The Americans do mobilize, and as Pauline Maier’s first book [12] points out, they do have a whole ideology of resistance. And not just ideology, but this whole kind of strategy about what acts they are justified in doing. I think it has been a weakness in American scholarship, including Woody Holton’s, but not only Woody’s, to not appreciate the fact that the British provide the engine driving all this. Americans see themselves as reacting. I think when you get to 1770, most American leaders hope, think, may even have expected, that the British, having gone through these two big crises over the Stamp Act and the Townshend Duties, will say, okay this policy is not working. I think Franklin or Cushing [13] says, let’s just let all these issues lie asleep or fall asleep.
That is why Bailyn’s book on Hutchinson is so important, [14] because events then take place in Massachusetts where things spin out of control. When the Patriots dumped the tea into the harbor, the British government decided it had to make an example of Massachusetts to discourage the others. The government makes that decision in 1774, and it produces a political disaster. Punishing Massachusetts is what creates what Americans called “the common cause.” But then the British doubled down on this strategy in April 1775. And they immediately wind up with two military defeats. [15] So at that point the British should have recognized that the underlying assumptions of their strategy were mistaken. But they don’t, and then we get the Dunmore Proclamation in November, 1775. Even if the Dunmore Proclamation matters, the basic logic of the decision emerged out of the same failed strategy that had already produced the war. I wrote on this in one of my first articles. [16]
My basic argument is that once you get to the summer of 1775, once the Second Continental Congress convenes on May 10, they actually did have a big debate on their objectives: What is our policy now? Do we need to rethink our objectives? And people like Dickinson [17] and the other moderates say, maybe we should do more to encourage conciliation. But in the end, they don’t alter anything. They said maybe we should send a delegation to London, but they didn’t. They said maybe we should alter our terms, but they didn’t. They do send another petition, the Olive Branch Petition. It doesn’t change anything. The British are in the same position. So once you get to the mid-to-late summer of 1775, both sides are committed to ultimatums presented to the other side. The American moderates, people like John Jay—who is very active though still a very young man—James Duane, Robert Morris, Gouverneur Morris, James Wilson and a couple other names I am probably leaving out—these moderates are desperately hoping that the British will send a peace commission over and it will have actual authority to negotiate.

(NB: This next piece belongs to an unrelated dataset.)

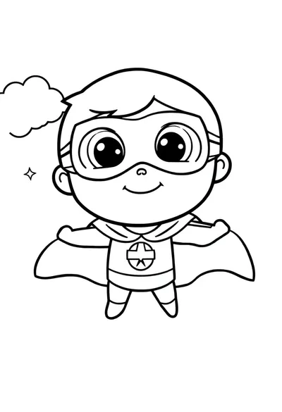 A Cute, Friendly, Cartoon Superhero Coloring Page For Kids A Coloring Page

That doesn’t happen. What does happen is the British pass the Prohibitory Act, which makes all American commerce subject to confiscation. They declare the Americans to be traitors. The king starts negotiating treaties with the various German states, the Hanoverians and others, to start bringing Hessians—that is, hiring mercenary armies.
The question became, are we going to have negotiations, or are we going to continue to escalate this confrontation? Dunmore’s Proclamation just fits inside that story. It’s not that it is a fresh grievance, in itself, that ratchets up what is at stake—much less that Americans have to go to war to defend slavery against a non-existent threat. It’s one thing to encourage slave uprising as part of war, to encourage runaway slaves. It’s another to say you are actually going to have emancipation under the British Empire. I mean it’s complete and utter nonsense.
TM: Which raises the question of British slavery in the Caribbean…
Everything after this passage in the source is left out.